Konaklama imkanlarının yetersizliği

Değerlendirme raporunun bir başka öne çıkardığı nokta ise aday şehirlerimizin konaklama imkanlarının yetersizliğiydi. İstanbul ve Antalya dışındaki tüm aday şehirlerin otel kapasitelerinin gene rapordaki ifadeyle belirtmek gerekirse ‘çok kısıtlı’ (very limited) olarak açıklanması adaylığımızı güçsüzleştiren en önemli etkenlerden biriydi. Karşılaştırmalı bakarsak Almanya’nın on aday şehri arasında yalnızca Dortmund’da otel konusunda sıkıntı yaşanma ihtimali olması rakibimizi bir adım daha öne çıkartıyordu.

İnsan hakları

Raporda iki aday arasında en önemli farkın bulunduğu bir başka alt başlık ise insan hakları konusunda sunulan aksiyon planlarıydı. Özellikle FIFA’nın Katar’a verdiği 2022 Dünya Kupası ev sahipliği sürecinde ön plana çıkan insan hakları ihalleri konusu, UEFA’nın adaylık sürecinde önem verdiği hususlardan biriydi.

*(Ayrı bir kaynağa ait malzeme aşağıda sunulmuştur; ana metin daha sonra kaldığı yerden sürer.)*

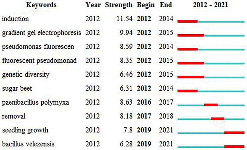 We used burst detection to identify articles that attracted the attention of peer researchers during the study period (Liu et al., 2022). The top keywords with the most robust citation burst were shown in Figure 5. There were 51 keywords with the top burst strength among the total keywords. We were particularly interested in those keywords with research significance, which indicated the evolving trend of rhizosphere microorganisms (Figure 5). During the study period from 2012 to 2021, induction had the highest burst strength, followed by gradient gel electrophoresis, Paenibacillus polymyxa, and Pseudomonas fluorescen. Simultaneously, we can see that seeding growth and bacillus velezensis became the research focus after 2019, and may also be the research hot spots in the future period.

Değerlendirme raporunda Türkiye’nin endişe verici kriterlerinden biri olarak gösterilen bu alanda özel bir aksiyon planı hazırlanmaması elimizi güçsüzleştiren konulardan bir diğeriydi. Her ne kadar özellikle Batı medyası Türkiye’nin bu yarışı kaybetmesine sebebiyet verecek kriter olarak insan haklarını ön plana çıkarsa da, UEFA’nın tercih aşamasında bu kritere ulaşım ve konaklama kriterleri kadar önem verdiğini düşünmüyorum. Eğer ulaşım ve konaklama konularında bir denge yakalanmış olsaydı büyük ihtimalle insan hakları hususu daha fazla ağırlığa sahip olacaktı.

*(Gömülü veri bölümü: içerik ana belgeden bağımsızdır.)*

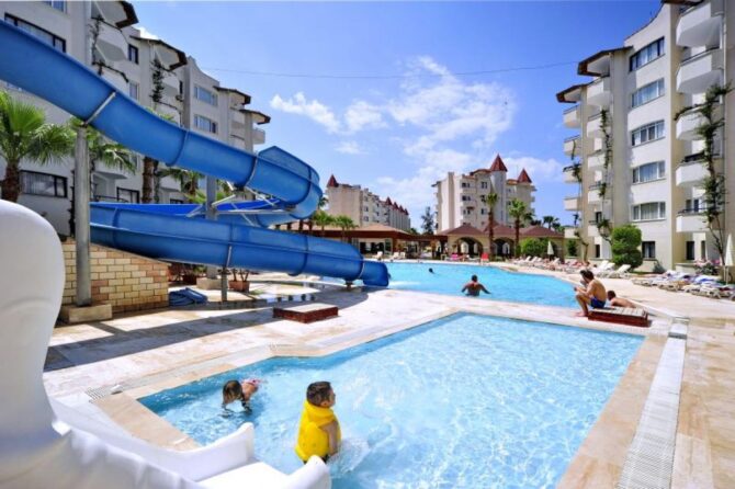 Родители могут не переживать по поводу высоких унитазов в туалетах, так как ребенку предоставляют ночной горшок совершенно бесплатно. Для совсем маленьких детишек можно арендовать коляску, чтобы было удобно передвигаться по территории курорта. Также отдельное спальное место оборудуют для малыша в одних с родителями апартаментах.

İnşaat mirası yerine kültür mirası

Özetlemek gerekirse, aslında en güçlü özelliklerimizinden biri olduğunu iddia ettiğimiz inşaat ve altyapı alanlarında Almanya’dan asıl darbeyi yedik. Dolayısıyla belki de en baştan beri stratejimizi stadyumlarımızın yeniliği üzerine kurarak UEFA’ya bir ‘inşaat mirası’ sunmak yerine, Anadolu gibi binlerce yıllık geçmişe sahip farklı kültürlerin beşiği olmuş bir bölgeden Batı ile Doğu’nun değerlerinin harmanlandığı farklı bir ‘futbol kültürü mirası’ sunmak daha doğru olabilirdi. İlerideki adaylık süreçlerimizde belki de üzerinde durmamız gereken en önemli konulardan biri bu olmalı.

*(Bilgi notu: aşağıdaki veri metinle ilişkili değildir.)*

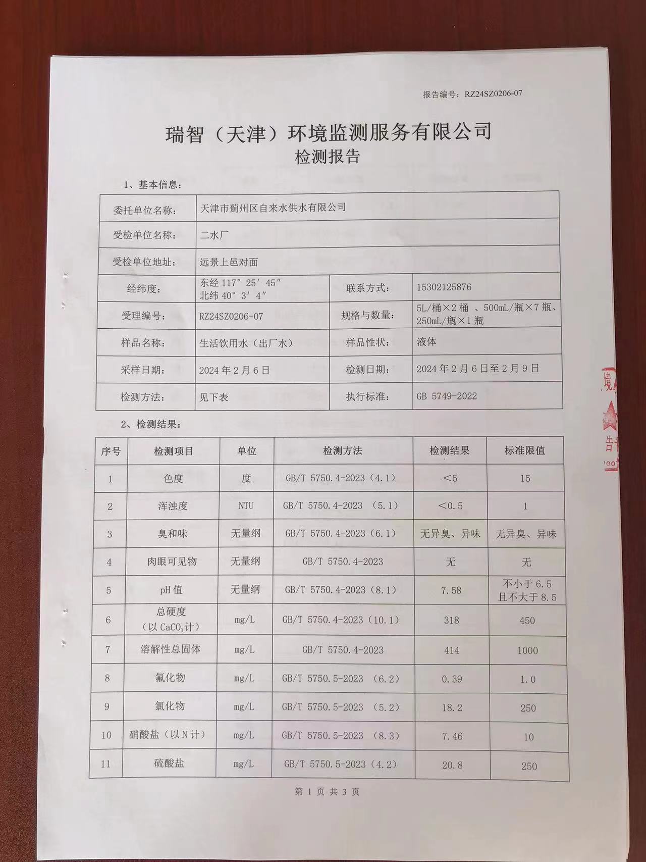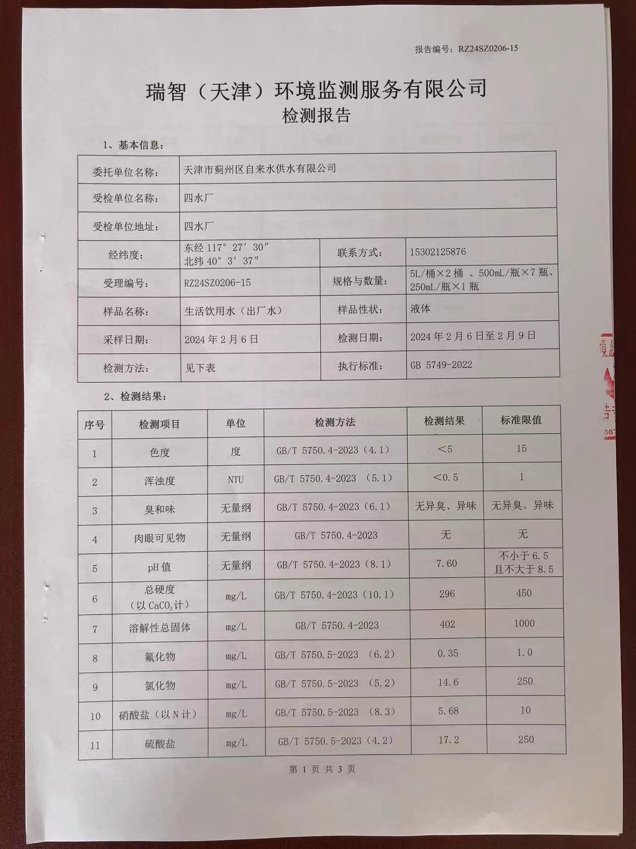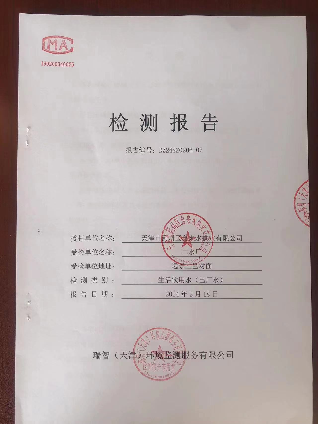 2024年2月份水質(zhì)檢測報告

Son olarak, adaylık sunumlarında kullanılan tanıtım filmlerini izlediğimizde aslında tüm bu sürecin çok güzel özetlendiğini görebiliyoruz. Türkiye’nin filminde vizyon beyanımız olan ‘Birlikte Paylaşalım’ ifadesini açıklamak yerine futbol tutkumuzun lig maçları ve stadyumlarımızın yeniliği üzerinden, kültürümüzün de Nusret’in etleriyle açıklanmaya çalışıldığını gördük. Almanya’nın vizyon beyanı olan ‘Futbolla Birleşelim’ ifadesi ise kurgusal bir EURO 2024 final maçından tarihsel süreçte geriye doğru giderek ev sahipliğinin açıklandığı ana kadar yaşananları özetleyen ve sonunda kazananın futbol olacağının vurgulandığı bir tanıtım filmiyle sunuldu. UEFA yönetim kurulu da verdiği oylarla aslında kazananın futbol olduğunu ilan etmiş oldu.